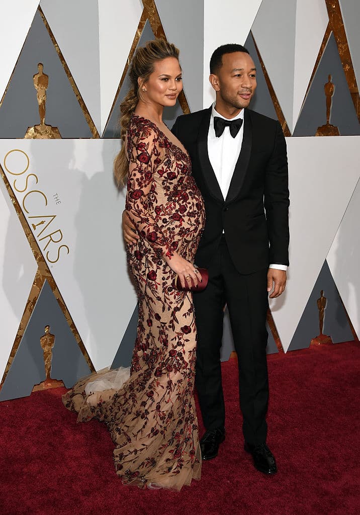 No obstante, antes de sus atuendos llenos de brillos y destellos, Teigen había lucido un hermoso vestido Marchesa en su primer embarazo en 2016, específicamente en la red carpet de los Premios Oscar.
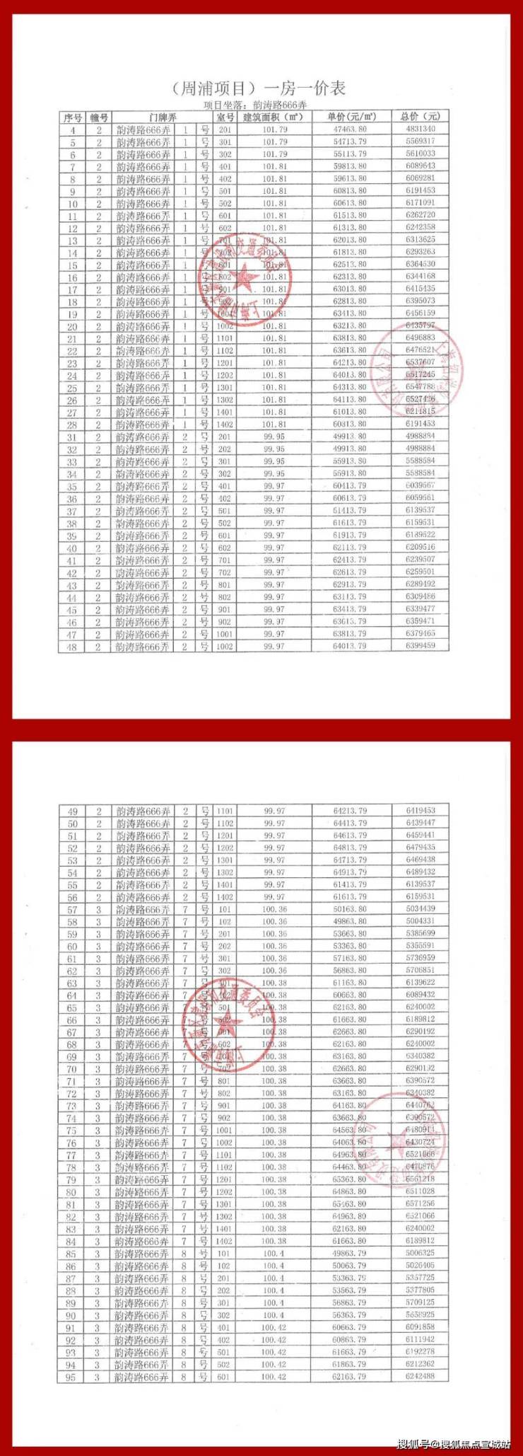 准售房源公告&一房一价表
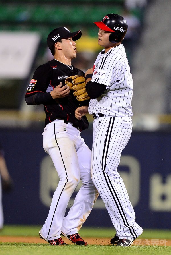 19일 잠실야구장에서 ‘2017 타이어뱅크 KBO 리그’ kt위즈와 LG트윈스의 경기가 열렸다. 8회말 무사 1루 LG 강승호 내야 땅볼 때 kt 정현이 1루주자 김재율을 태그 아웃시키고 있다 .
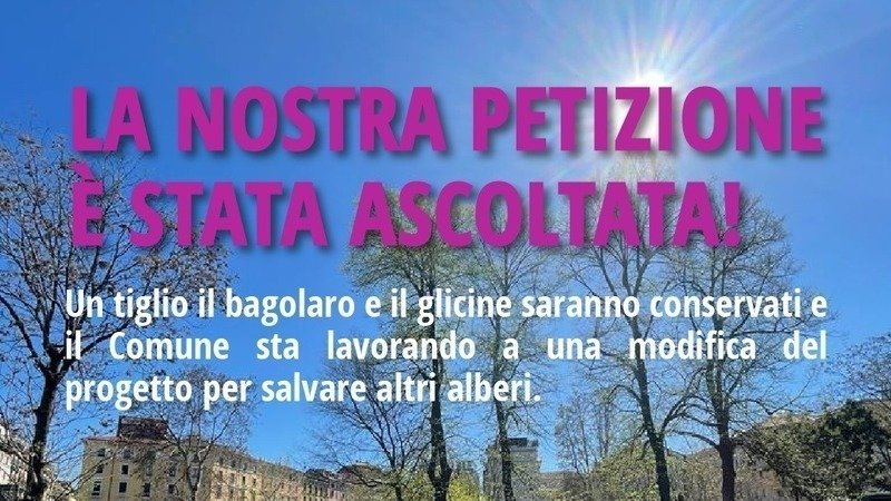 Siamo felici di annunciare che la petizione da noi promossa con le sue 52.000 firme ha raggiunto il primo obiettivo, ossia la convocazione di un tavolo tecnico su cui confrontarsi per fare convivere Museo della Resistenza e alberature, in linea anche con la posizione espressa dal presidente nazionale dell’Anpi, Gianfranco Pagliarulo. La proposta presentataci oggi dal Sindaco Giuseppe Sala e dai Suoi Assessori (salvaguardia della pianta madre del glicine, assieme al bagolaro e a un tiglio mentre è in corso uno studio per rendere possibile la salvaguardia di almeno altri due tigli) ci sembra una risposta che viene incontro alla aspettative che erano alla base della petizione. Il Comune si è inoltre impegnato a migliorare la qualità ambientale delle aree esterne del Museo e la connessione con il giardino comunitario Lea Garofalo.
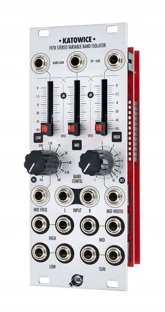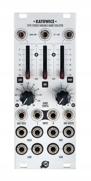 katowice с устройствами xaoc - это комбинация изолятора (эквалайзер убийства) и кроссовера , и поэтому их следует рассматривать как фильтр. Схема предназначена для для стереосигналов , что также означает, что участвуют индивидуальные частоты низких, средних и высоких частот. Калиброванный модуль содержит три VCA, которые могут контролировать уровень этих трех полос. Диапазон регулировки здесь составляет от 0 дБ (усиление единицы) до -105 дБ, что соответствует отставке в частоте. Z полоса конфигурации частота переключения между тремя диапазонами может быть установлена в диапазоне 1-10 октав и 160-10 000 героев.
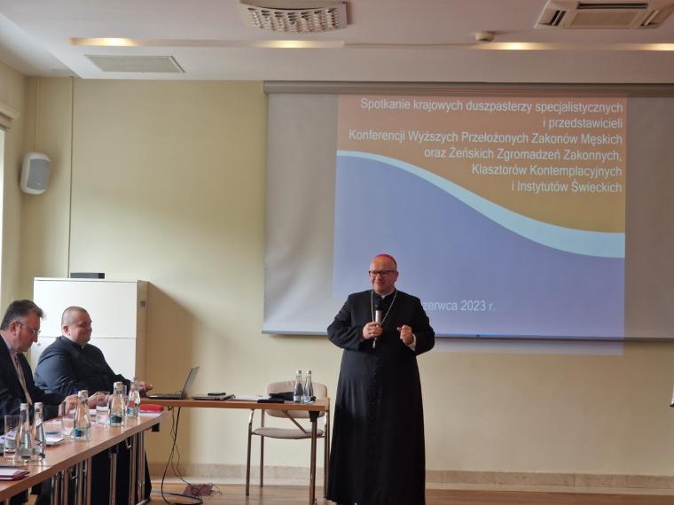 Z zebranymi w Warszawie krajowymi duszpasterzami środowisk specjalistycznych i przedstawicielami Konferencji Wyższych Przełożonych Zakonów Męskich oraz Żeńskich Zgromadzeń Zakonnych, Klasztorów Kontemplacyjnych i Instytutów Świeckich łączył się on-line bp Andrzej Czaja, przewodniczący Komisji Duszpasterstwa KEP. Podczas spotkania, wraz z bp. Waldemarem Musiołem, sekretarzem Komisji, zaprezentował on Program Duszpasterski Kościoła w Polsce na rok 2023/2024, którego hasłem będą słowa: „Uczestniczę we wspólnocie Kościoła”. Materiały omawiające program zostały zebrane w pięciu zeszytach tematycznych i zostaną rozesłane do wszystkich parafii w Polsce.
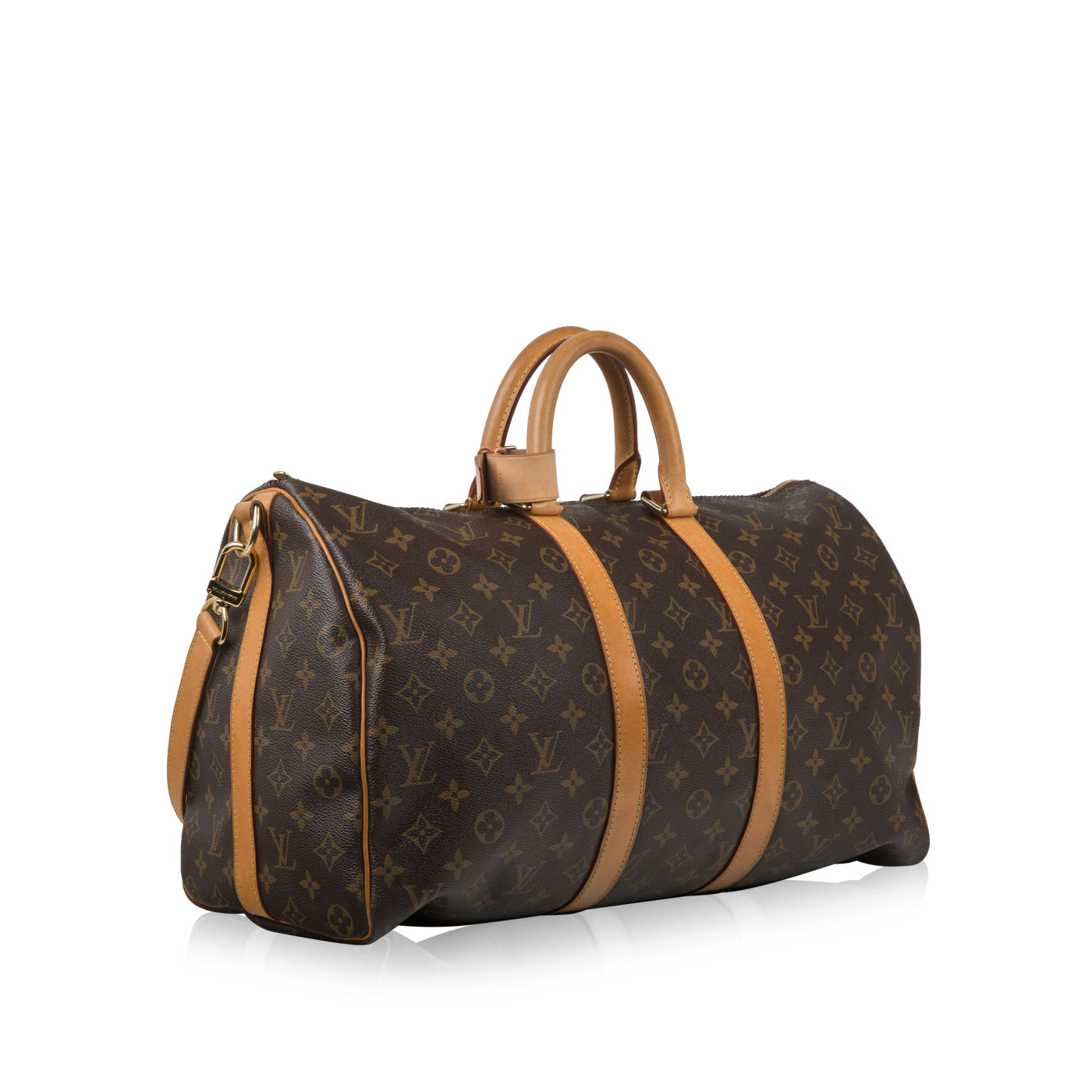 Louis Vuitton presents their signature Keepall bag, the perfect travel accessory for both men and women. Carefully crafted in the brand’s iconic Monogram canvas with tan leather trimming, top handles and shoulder strap, the Keepall is sleek and sophisticated. Spacious enough to carry your whole world inside, but small enough to easily accompany you throughout your day, the Keepall is also extremely lightweight. It’s the perfect travel companion and a necessary addition to any luxury bag collection, especially luggage. The perfect mix between fashion and function, it’s practical as well as stylish. Wherever you go, the LV Keepall will make sure you travel in style.
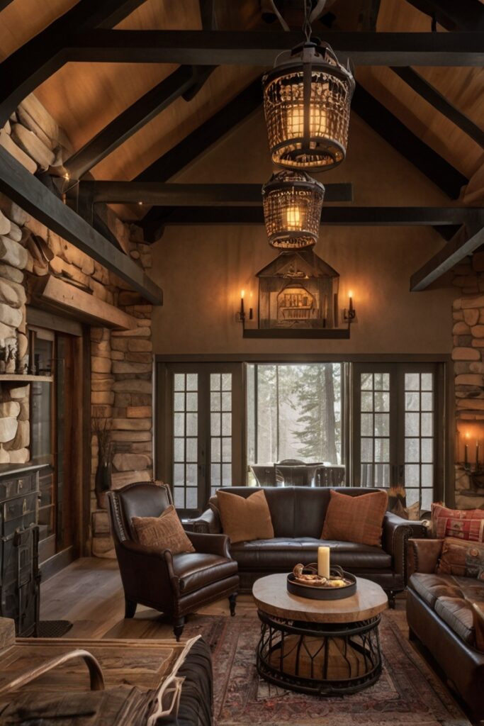 A roaring fire, plaid cushions, and iron lanterns swinging gently from hooks.

───

> Task: Print the material in full and exactly, minus the pictures.

> Result below:
 No obstante, antes de sus atuendos llenos de brillos y destellos, Teigen había lucido un hermoso vestido Marchesa en su primer embarazo en 2016, específicamente en la red carpet de los Premios Oscar.
 准售房源公告&一房一价表
 19일 잠실야구장에서 ‘2017 타이어뱅크 KBO 리그’ kt위즈와 LG트윈스의 경기가 열렸다. 8회말 무사 1루 LG 강승호 내야 땅볼 때 kt 정현이 1루주자 김재율을 태그 아웃시키고 있다 .
 Siamo felici di annunciare che la petizione da noi promossa con le sue 52.000 firme ha raggiunto il primo obiettivo, ossia la convocazione di un tavolo tecnico su cui confrontarsi per fare convivere Museo della Resistenza e alberature, in linea anche con la posizione espressa dal presidente nazionale dell’Anpi, Gianfranco Pagliarulo. La proposta presentataci oggi dal Sindaco Giuseppe Sala e dai Suoi Assessori (salvaguardia della pianta madre del glicine, assieme al bagolaro e a un tiglio mentre è in corso uno studio per rendere possibile la salvaguardia di almeno altri due tigli) ci sembra una risposta che viene incontro alla aspettative che erano alla base della petizione. Il Comune si è inoltre impegnato a migliorare la qualità ambientale delle aree esterne del Museo e la connessione con il giardino comunitario Lea Garofalo.
 katowice с устройствами xaoc - это комбинация изолятора (эквалайзер убийства) и кроссовера , и поэтому их следует рассматривать как фильтр. Схема предназначена для для стереосигналов , что также означает, что участвуют индивидуальные частоты низких, средних и высоких частот. Калиброванный модуль содержит три VCA, которые могут контролировать уровень этих трех полос. Диапазон регулировки здесь составляет от 0 дБ (усиление единицы) до -105 дБ, что соответствует отставке в частоте. Z полоса конфигурации частота переключения между тремя диапазонами может быть установлена в диапазоне 1-10 октав и 160-10 000 героев.
 Z zebranymi w Warszawie krajowymi duszpasterzami środowisk specjalistycznych i przedstawicielami Konferencji Wyższych Przełożonych Zakonów Męskich oraz Żeńskich Zgromadzeń Zakonnych, Klasztorów Kontemplacyjnych i Instytutów Świeckich łączył się on-line bp Andrzej Czaja, przewodniczący Komisji Duszpasterstwa KEP. Podczas spotkania, wraz z bp. Waldemarem Musiołem, sekretarzem Komisji, zaprezentował on Program Duszpasterski Kościoła w Polsce na rok 2023/2024, którego hasłem będą słowa: „Uczestniczę we wspólnocie Kościoła”. Materiały omawiające program zostały zebrane w pięciu zeszytach tematycznych i zostaną rozesłane do wszystkich parafii w Polsce.
 Louis Vuitton presents their signature Keepall bag, the perfect travel accessory for both men and women. Carefully crafted in the brand’s iconic Monogram canvas with tan leather trimming, top handles and shoulder strap, the Keepall is sleek and sophisticated. Spacious enough to carry your whole world inside, but small enough to easily accompany you throughout your day, the Keepall is also extremely lightweight. It’s the perfect travel companion and a necessary addition to any luxury bag collection, especially luggage. The perfect mix between fashion and function, it’s practical as well as stylish. Wherever you go, the LV Keepall will make sure you travel in style.
 A roaring fire, plaid cushions, and iron lanterns swinging gently from hooks.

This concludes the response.